The adverse impact of COVID-19 pandemic on cardiovascular disease prevention and management in England, Scotland and Wales: A population-scale analysis of trends in medication data
Abstract
Objectives
To estimate the impact of the COVID-19 pandemic on cardiovascular disease (CVD) and CVD management using routinely collected medication data as a proxy.
Design
Descriptive and interrupted time series analysis using anonymised individual-level population-scale data for 1.32 billion records of dispensed CVD medications across 15.8 million individuals in England, Scotland and Wales.
Setting
Community dispensed CVD medications with 100% coverage from England, Scotland and Wales, plus primary care prescribed CVD medications from England (including 98% English general practices).
Participants
15.8 million individuals aged 18+ years alive on 1stApril 2018 dispensed at least one CVD medicine in a year from England, Scotland and Wales.
Main outcome measures
Monthly counts, percent annual change (1stApril 2018 to 31stJuly 2021) and annual rates (1stMarch 2018 to 28thFebruary 2021) of medicines dispensed by CVD/ CVD risk factor; prevalent and incident use.
Results
Year-on-year change in dispensed CVD medicines by month were observed, with notable uplifts ahead of the first (11.8% higher in March 2020) but not subsequent national lockdowns. Using hypertension as one example of the indirect impact of the pandemic, we observed 491,203 fewer individuals initiated antihypertensive treatment across England, Scotland and Wales during the period March 2020 to end May 2021 than would have been expected compared to 2019. We estimated that this missed antihypertension treatment could result in 13,659 additional CVD events should individuals remain untreated, including 2,281 additional myocardial infarctions (MIs) and 3,474 additional strokes.

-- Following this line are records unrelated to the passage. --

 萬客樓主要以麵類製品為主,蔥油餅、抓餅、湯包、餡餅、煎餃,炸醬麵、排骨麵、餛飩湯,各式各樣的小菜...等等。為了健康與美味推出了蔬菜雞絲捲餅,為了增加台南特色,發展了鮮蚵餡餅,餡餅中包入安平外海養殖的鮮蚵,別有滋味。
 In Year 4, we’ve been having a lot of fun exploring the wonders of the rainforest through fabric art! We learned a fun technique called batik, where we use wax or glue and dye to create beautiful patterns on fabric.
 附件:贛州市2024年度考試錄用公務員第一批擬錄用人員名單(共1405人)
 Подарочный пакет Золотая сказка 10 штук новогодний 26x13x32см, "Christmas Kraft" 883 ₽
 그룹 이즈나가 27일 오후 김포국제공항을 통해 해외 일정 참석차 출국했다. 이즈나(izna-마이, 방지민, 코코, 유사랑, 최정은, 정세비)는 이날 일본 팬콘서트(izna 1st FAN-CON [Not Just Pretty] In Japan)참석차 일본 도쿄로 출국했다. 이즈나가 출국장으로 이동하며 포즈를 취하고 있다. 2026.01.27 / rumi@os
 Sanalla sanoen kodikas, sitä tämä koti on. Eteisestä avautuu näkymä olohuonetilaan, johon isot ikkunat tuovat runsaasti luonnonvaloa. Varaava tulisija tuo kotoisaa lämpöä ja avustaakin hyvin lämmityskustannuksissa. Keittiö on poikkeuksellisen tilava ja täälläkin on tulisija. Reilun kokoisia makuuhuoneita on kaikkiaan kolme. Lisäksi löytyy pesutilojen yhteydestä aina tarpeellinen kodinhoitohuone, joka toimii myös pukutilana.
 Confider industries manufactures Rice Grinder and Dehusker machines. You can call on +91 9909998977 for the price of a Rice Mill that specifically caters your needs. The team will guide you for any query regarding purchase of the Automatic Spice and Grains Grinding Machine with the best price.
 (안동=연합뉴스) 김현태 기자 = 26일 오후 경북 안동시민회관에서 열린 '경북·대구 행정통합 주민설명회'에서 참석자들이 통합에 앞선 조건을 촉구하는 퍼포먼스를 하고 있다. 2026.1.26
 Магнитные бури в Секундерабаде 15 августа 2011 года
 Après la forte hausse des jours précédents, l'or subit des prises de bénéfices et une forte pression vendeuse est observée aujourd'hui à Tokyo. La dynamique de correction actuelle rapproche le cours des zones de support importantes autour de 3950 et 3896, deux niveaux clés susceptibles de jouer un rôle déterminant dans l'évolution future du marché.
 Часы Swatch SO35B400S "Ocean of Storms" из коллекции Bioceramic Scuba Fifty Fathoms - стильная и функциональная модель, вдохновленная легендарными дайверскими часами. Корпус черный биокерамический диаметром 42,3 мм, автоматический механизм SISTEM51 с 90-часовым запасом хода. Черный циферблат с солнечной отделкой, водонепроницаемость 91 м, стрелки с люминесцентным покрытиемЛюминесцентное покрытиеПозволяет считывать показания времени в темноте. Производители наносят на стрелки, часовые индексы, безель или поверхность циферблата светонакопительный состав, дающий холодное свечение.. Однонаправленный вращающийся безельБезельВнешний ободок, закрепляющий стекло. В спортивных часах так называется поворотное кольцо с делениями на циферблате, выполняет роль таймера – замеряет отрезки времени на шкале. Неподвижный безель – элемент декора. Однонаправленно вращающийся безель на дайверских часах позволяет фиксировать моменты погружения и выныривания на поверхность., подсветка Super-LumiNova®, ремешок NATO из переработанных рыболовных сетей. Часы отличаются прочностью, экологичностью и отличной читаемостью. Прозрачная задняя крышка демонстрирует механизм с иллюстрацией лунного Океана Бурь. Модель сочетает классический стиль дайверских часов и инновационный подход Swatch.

Incident use of lipid-lowering medicines decreased by an average 14,793 per month in early 2021 compared with the equivalent months prior to the pandemic in 2019. In contrast, the use of incident medicines to treat type-2 diabetes (T2DM) increased by approximately 1,642 patients per month.
Conclusions
Management of key CVD risk factors as proxied by incident use of CVD medicines has not returned to pre-pandemic levels in the UK. Novel methods to identify and treat individuals who have missed treatment are urgently required to avoid large numbers of additional future CVD events, further adding indirect cost of the COVID-19 pandemic.